The restriction can be written as $$2 \lvert A B \rvert \lt \lvert A C \rvert + \lvert C B \rvert$$ but note that the three points must still be collinear for the persons to meet. Without loss of generality, we can choose $A$ to be at origin, $B$ to be at $(b, 0)$ on the positive $x$ axis (so $b \gt 0$), and $C$ to be at $(c, 0)$ on the positive or negative $x$ axis. The restriction can now be written as $$2 b < \lvert c \rvert + \lvert b - c \rvert$$ There are two solutions to the restriction: $$c \lt -\frac{b}{2} \quad \text{or} \quad c \gt \frac{3 b}{2}$$

When $c \lt -\frac{b}{2}$, the faster walker will chase the slower walker, but never catch up. (When the faster walker is at $C$, the slower walker is already at least a quarter of the way from $A$ to $B$. When the faster walker is back at $A$, the slower walker is already over half the way from $A$ to $B$.)

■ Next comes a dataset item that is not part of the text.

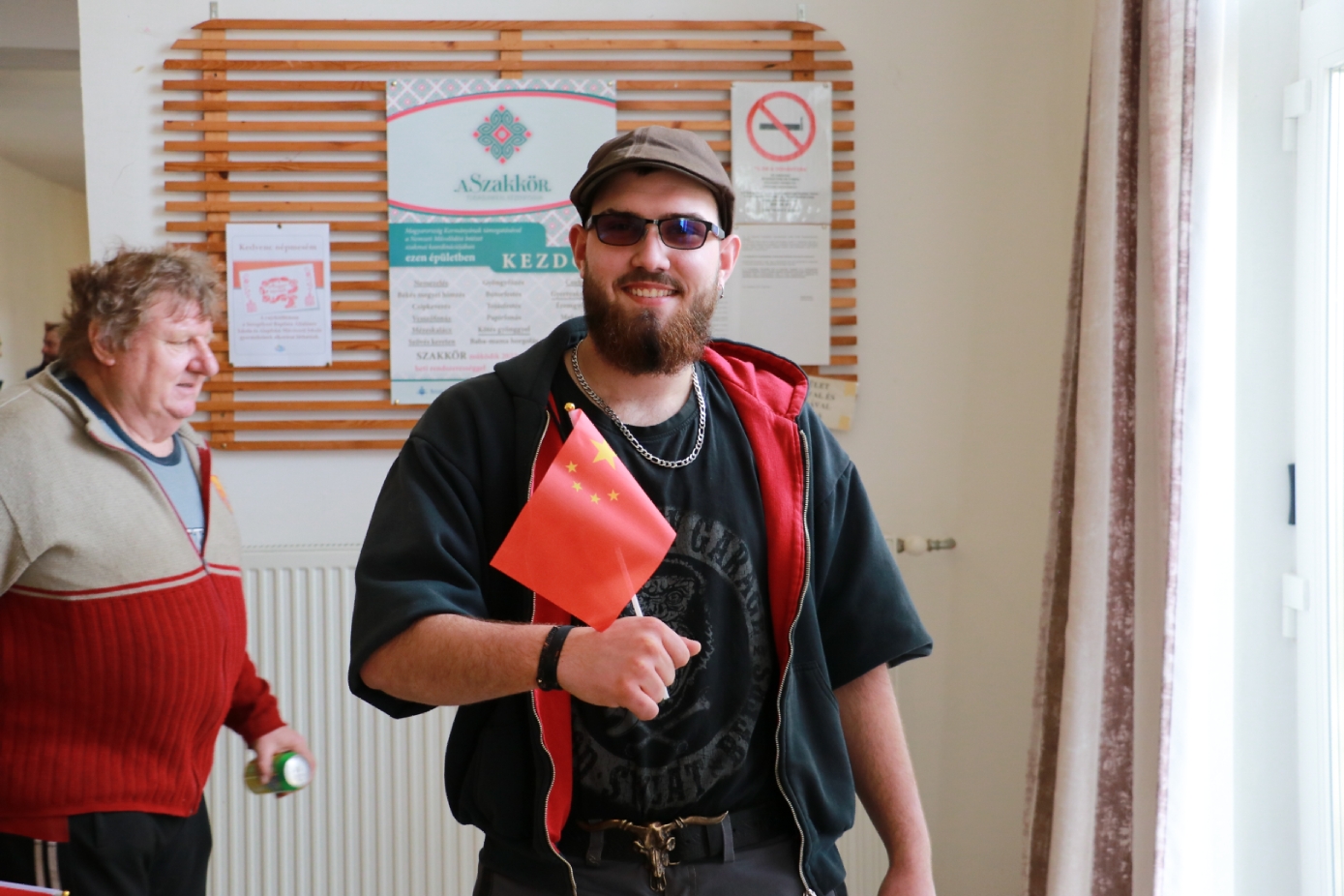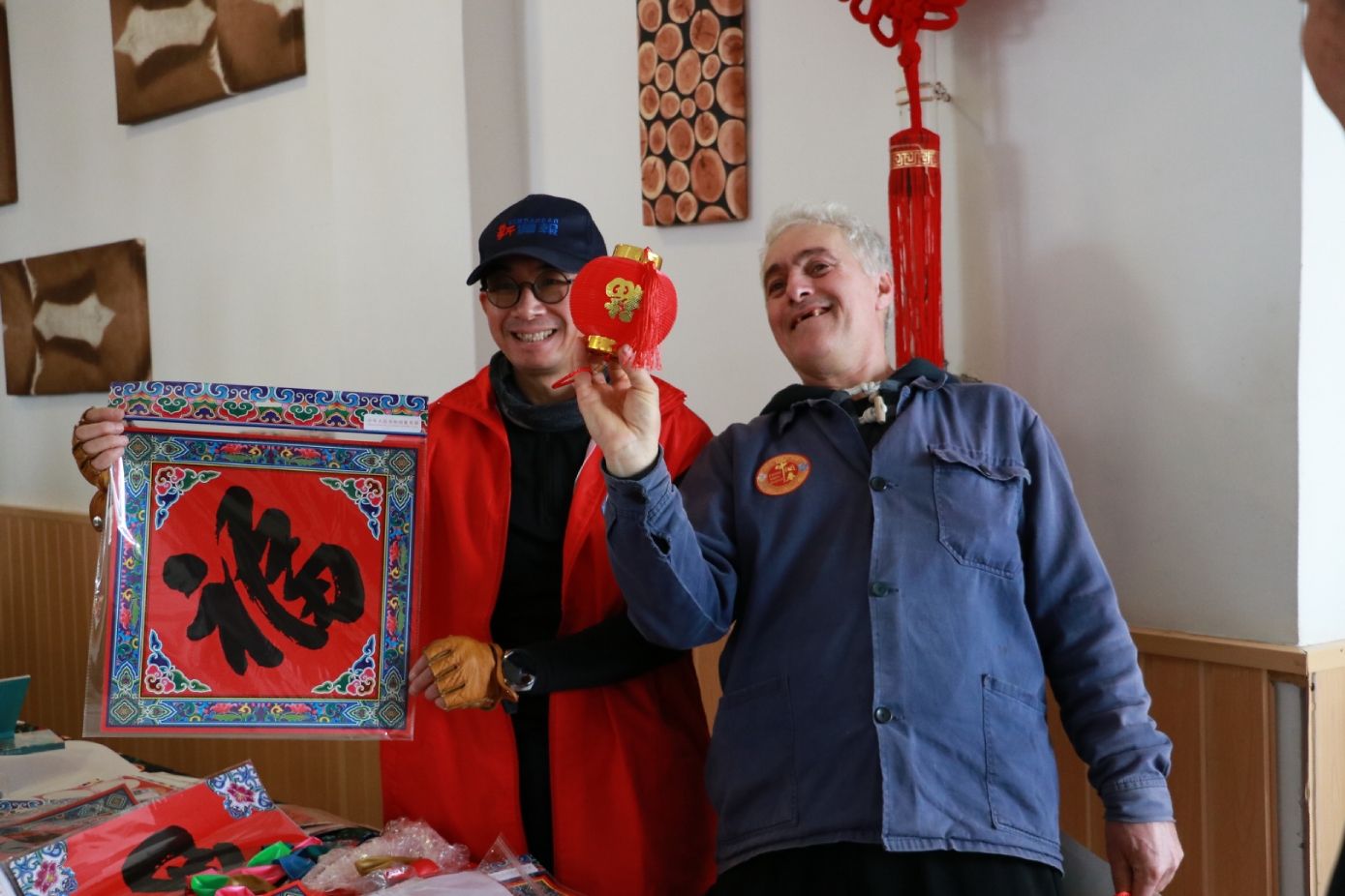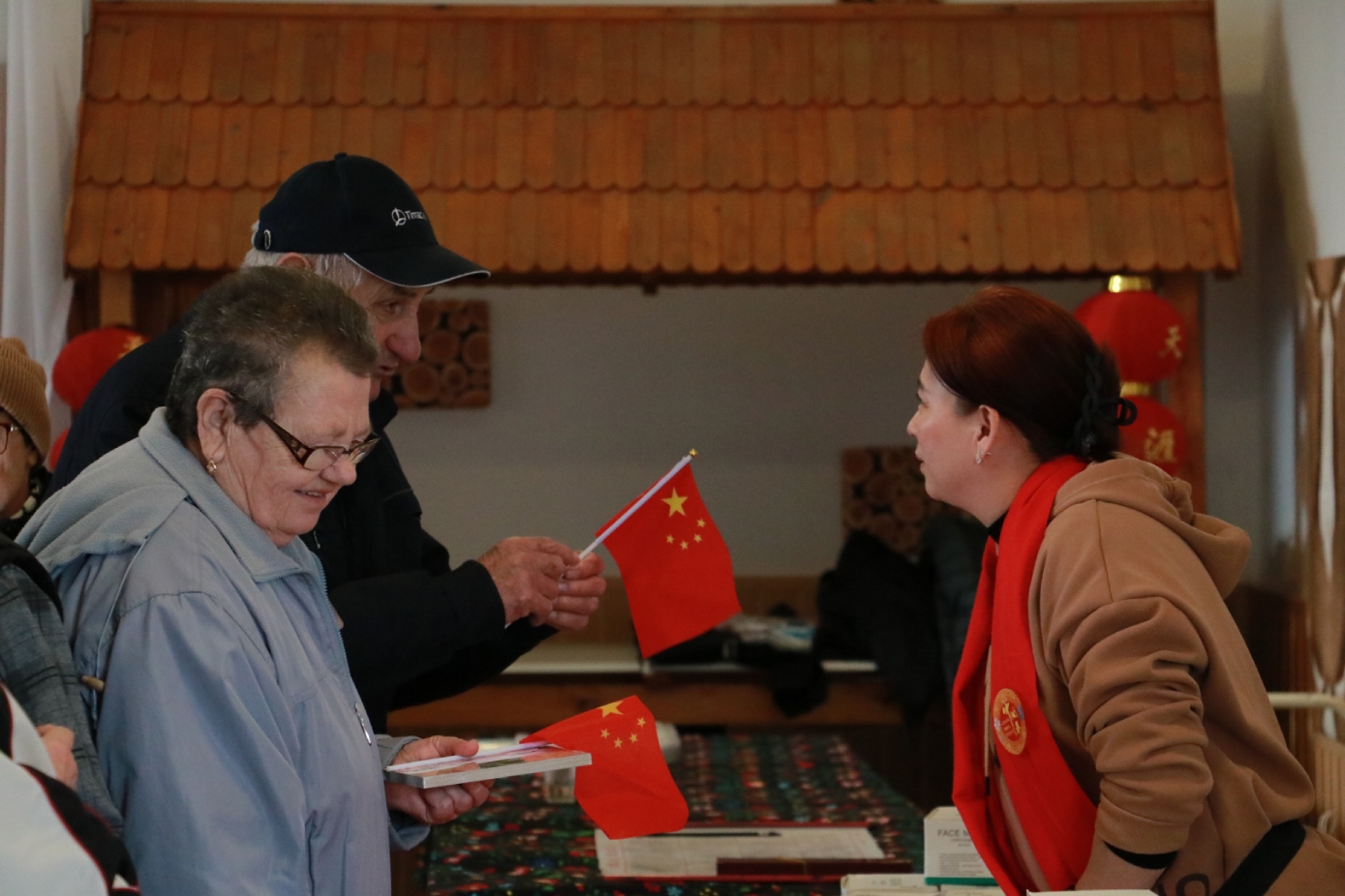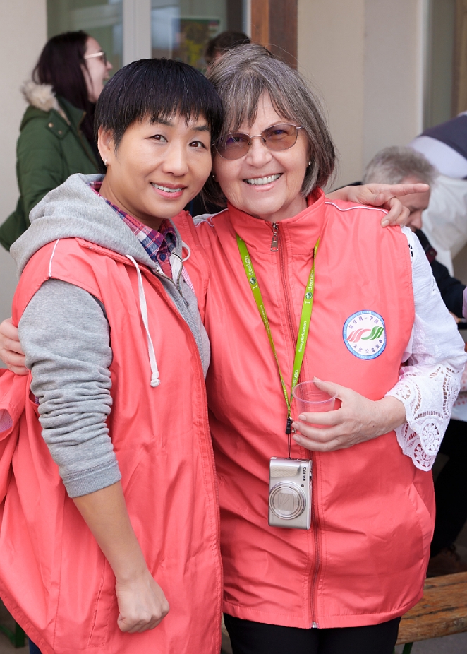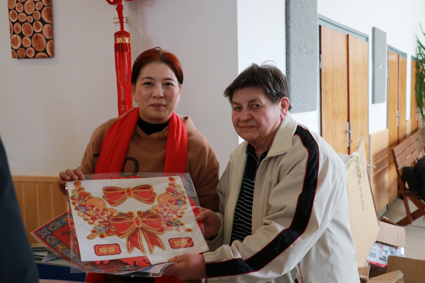 匈牙利-中国文化交流协会会长滕维杰(左)为谢赖盖耶什市(Seregélyes)市市长Horváth Sándor戴上中国红围巾(右)。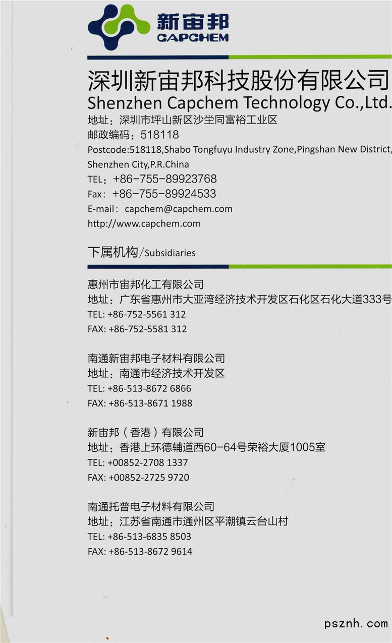 新宙邦成立于2002年,源于1996年創立的深圳市宙邦化工有限公司,2008年整體變更為深圳新宙邦科技股份有限公司。2010年1月8日于深圳證券交易所成功上市(股票代碼:300037)。目前擁有四家全資子公司和三家控股子公司。

When $c \gt \frac{3 b}{2}$, the faster walker will walk initially in front of the slower walker, well past $B$. When the faster walker is at $C$, the slower walker is already at least three quarters of the way from $A$ to $B$. The two will then approach $B$ from opposite sides, and therefore will not meet before both arrive and stop at $B$.